A stunning victory that was as fast as it was brutal.
(Aristotle) And that's of course the moment where Hitler stops being the peacetime hero who destroys the Versailles treaty without firing a single gunshot, and he kind of steps up the gear.
(Lisa) And with the very swift victory over Poland, it almost sort of seemed that there was nothing to lose, only something to gain.
(Julia) It was exactly what Hitler had promised them.
Germans were on the march and they were winning.
(Thomas Neuhaus) There are some really interesting diary entries, for instance, where a young teenaged girl comments on the German invasion of Poland and says, "This is great.
Hitler's displaying his military genius here.
He's like Frederick the Great."
(tense music) (narrator) Following its defeat, Poland was split between Soviet and German control, in accordance with the nonaggression pact.
Brutality ensued.
Ghettos were set up to contain Poland's 3.5 million Jews.
(Alex) In the ghettos in occupied Poland, tens of thousands of people starved to death.
This was very much intentional.
This was intended by the German occupation, firstly because of their disregard for human life in Eastern Europe, and secondly, in order to feed the German population and to maintain a relatively high level of sustenance for the German population throughout the war.
In occupied Poland alone, we have some 600 ghettos.
In the Warsaw ghetto, living conditions were a huge disaster, and even prior to the deportations that started in summer 1942, we have thousands dying every month of diseases of malnourishment.
It is a genocide prior to the actual extermination.
(narrator) Between October 1940 and July 1942, an estimated 92,000 Jewish prisoners in the Warsaw ghetto died of starvation, exposure, or disease, and throughout all of occupied Poland's ghettos, an estimated 500,000 died.
But in Germany, the immediate impact of the war was slight.
Between September 1939 and May 1940, it was easy to forget that there even was a war.
(Julia) Life was surprisingly normal.
Germany wasn't put on a total war footing.
Yes, there was rationing, and there was always somebody jangling a box, expecting you to contribute.
But life was pretty much all right.
(Alessandro) The German population didn't suffer much in the first phases of the war.
The regime was quite good in avoiding the fear of scarcity, for instance, of food and resources that there was in World War I.
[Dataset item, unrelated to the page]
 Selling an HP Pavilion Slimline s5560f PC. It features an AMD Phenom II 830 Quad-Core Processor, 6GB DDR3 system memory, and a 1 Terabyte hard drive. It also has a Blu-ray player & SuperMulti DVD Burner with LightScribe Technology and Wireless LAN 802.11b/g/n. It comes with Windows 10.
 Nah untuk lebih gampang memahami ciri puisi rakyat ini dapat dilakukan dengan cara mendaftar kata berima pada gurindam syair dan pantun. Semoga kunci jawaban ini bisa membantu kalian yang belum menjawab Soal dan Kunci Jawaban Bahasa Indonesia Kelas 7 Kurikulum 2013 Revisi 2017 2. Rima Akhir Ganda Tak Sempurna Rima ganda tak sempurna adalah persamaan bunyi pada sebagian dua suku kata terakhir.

(Michael) If you look at the rationing figures, for example, bread is not rationed until very late on.
Meat, fat, butter, milk, they decline in production and in consumption, but not that significantly until 1942.
People aren't starving in Germany until very late in the war.
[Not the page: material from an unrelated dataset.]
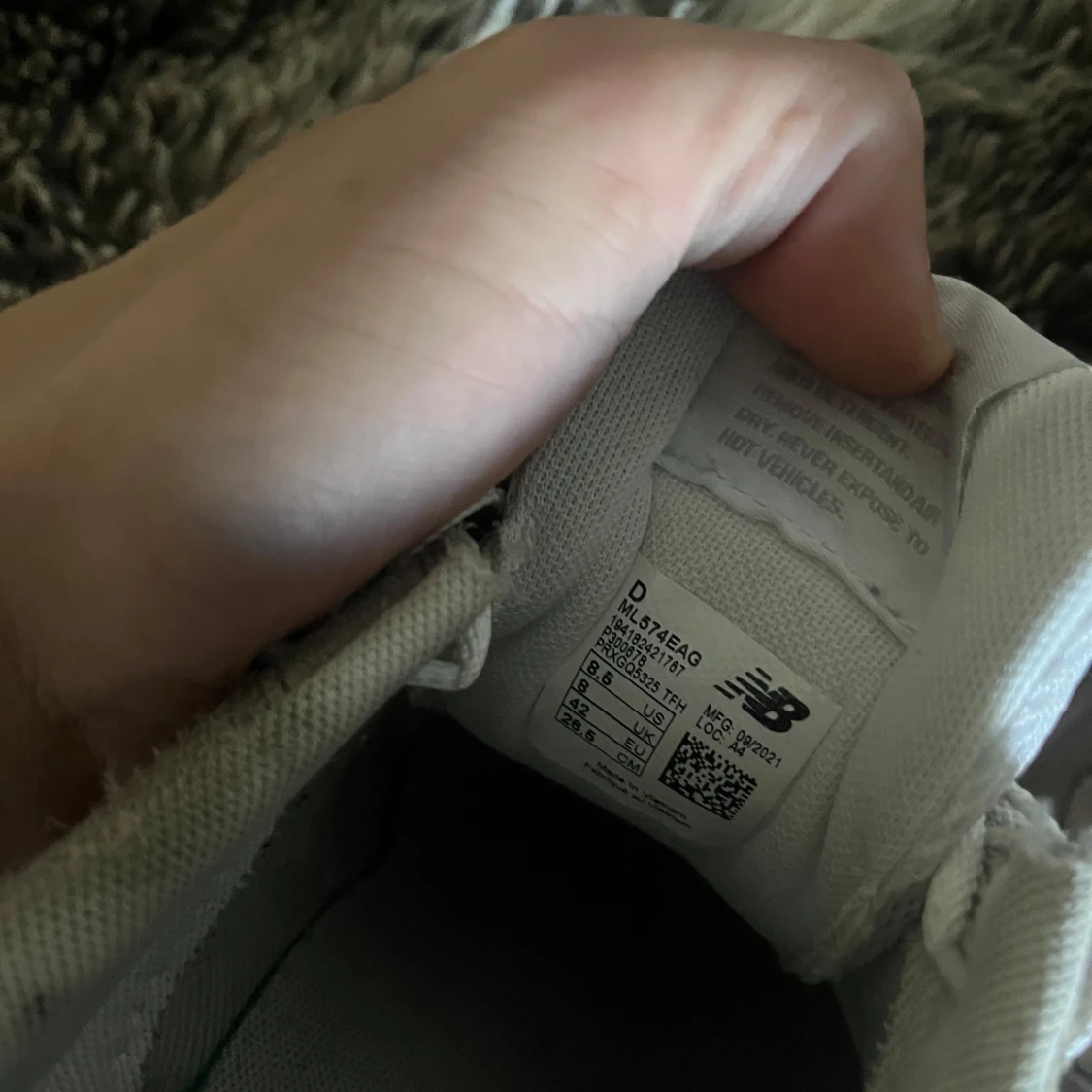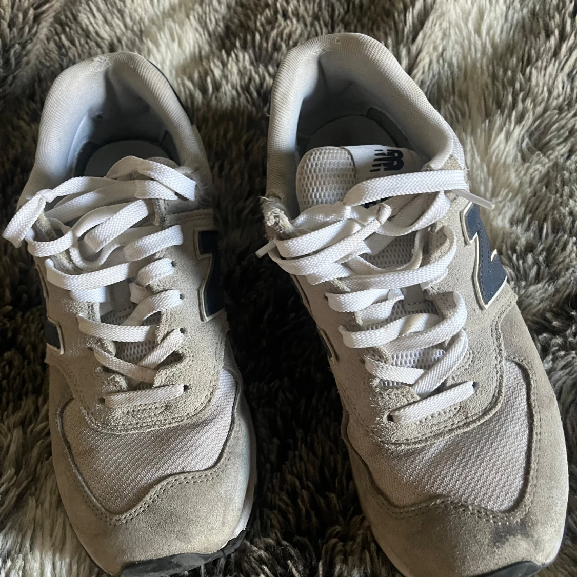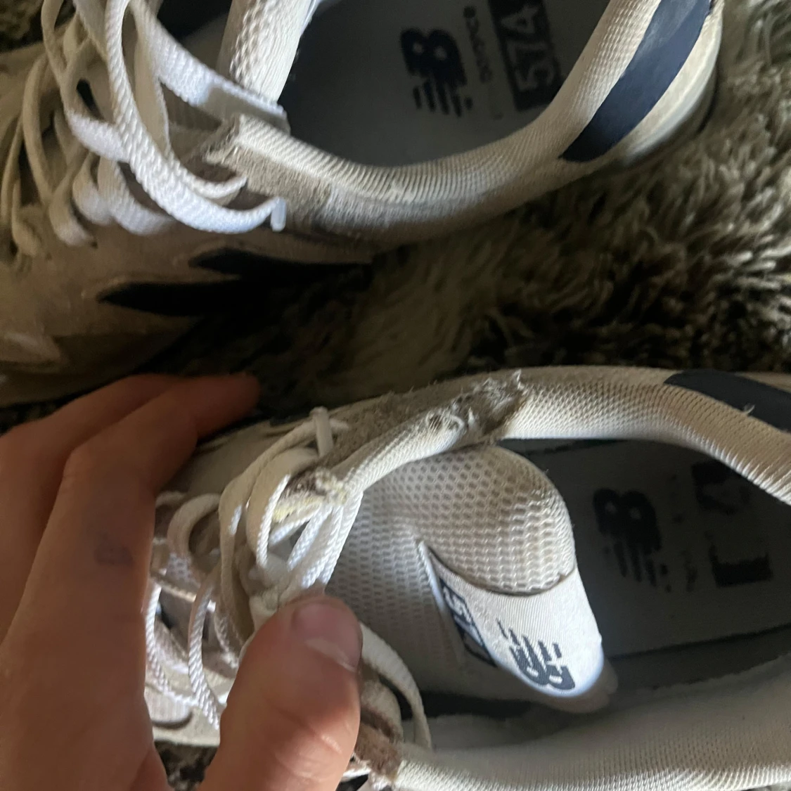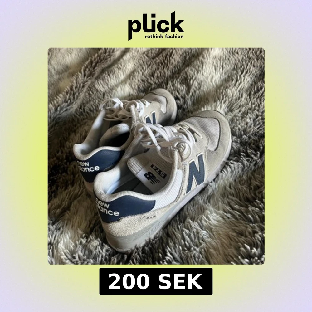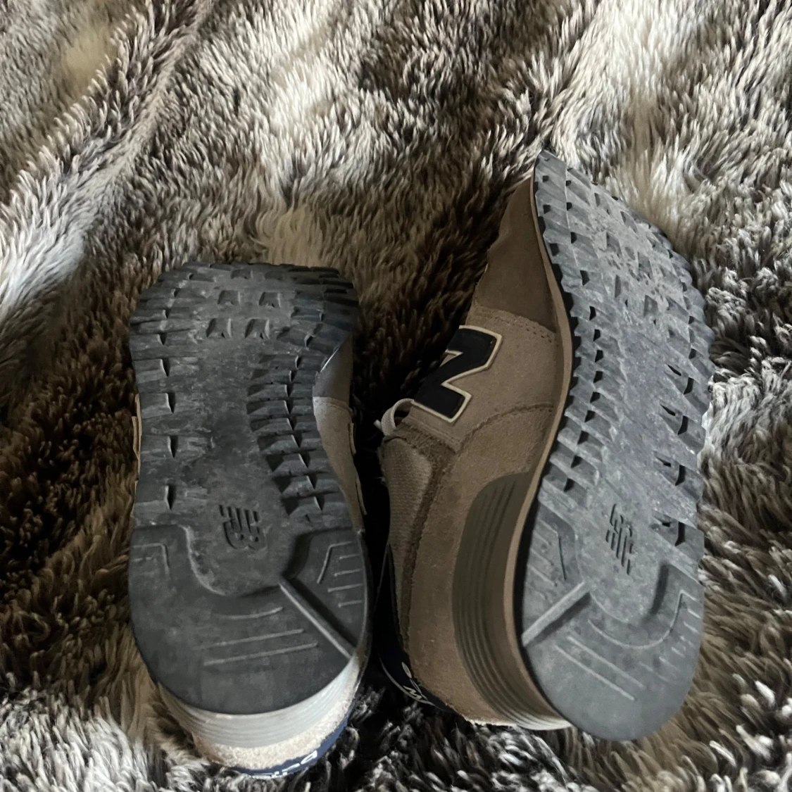 Snygga New Balance 574 sneakers i beige mocka och mesh med blå detaljer och vit sula. Klassisk retrostil med stor N-logga på sidan och skön passform. Perfekta för dig som gillar streetwear och sportig vibe.

(Thomas Schaarschmidt) Certain changes occurred with blackouts in the city and training for the air raid defenses.
(Thomas Brodie) The Nazi regime is very concerned about the threat to "morale" posed by enemy bombing, and so it makes sure that air raid shelters are provided to people.
(Thomas Schaarschmidt) And the public was confronted with the first lists of killed soldiers in the campaign against Poland.
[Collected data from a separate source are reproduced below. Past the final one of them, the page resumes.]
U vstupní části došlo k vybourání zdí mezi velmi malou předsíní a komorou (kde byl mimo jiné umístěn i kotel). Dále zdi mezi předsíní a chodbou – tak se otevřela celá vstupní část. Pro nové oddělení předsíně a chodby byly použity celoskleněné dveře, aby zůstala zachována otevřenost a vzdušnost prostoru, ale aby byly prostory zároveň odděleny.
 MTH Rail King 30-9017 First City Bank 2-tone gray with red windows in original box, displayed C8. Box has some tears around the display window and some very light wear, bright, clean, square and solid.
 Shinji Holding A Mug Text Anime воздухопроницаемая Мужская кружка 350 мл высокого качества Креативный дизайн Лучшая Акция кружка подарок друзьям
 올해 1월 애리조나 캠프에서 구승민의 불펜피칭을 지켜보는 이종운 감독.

But apart from that, a strange sense of normality pervades until 1942.
(narrator) And so, except for those in occupied territories, life went on.
No major engagements had occurred with Britain or France, and the Allied bombing efforts had been contained to German shipping.
(explosion) And then, in May 1940, the phony war came to an end.
German forces stormed into Denmark, the Netherlands, Belgium, Luxembourg, and France.
In the 20 months after the fall of Poland, eight European countries would be overrun by the German blitzkrieg.
(dramatic music) (Nicholas O'Shaughnessy) The fall of France, the fall of the Netherlands, the fall of Norway.
There's a long sequence of triumphs for several years, and every population loves victory.
So they swallowed their doubts.
And Hitler was really the walking definition of charisma.
(Alex) I think one could in many respects say that 1940 was the high point of Hitler's popularity and German support for the war.
(Nicholas O'Shaughnessy) He was elevated to a figure who is beyond human.
A cult, definitely a cult.
(Aristotle) And I think, from that point onward, it's a bit difficult to maintain those heights.
(narrator) What followed would be the most complete fall of any leader and any empire.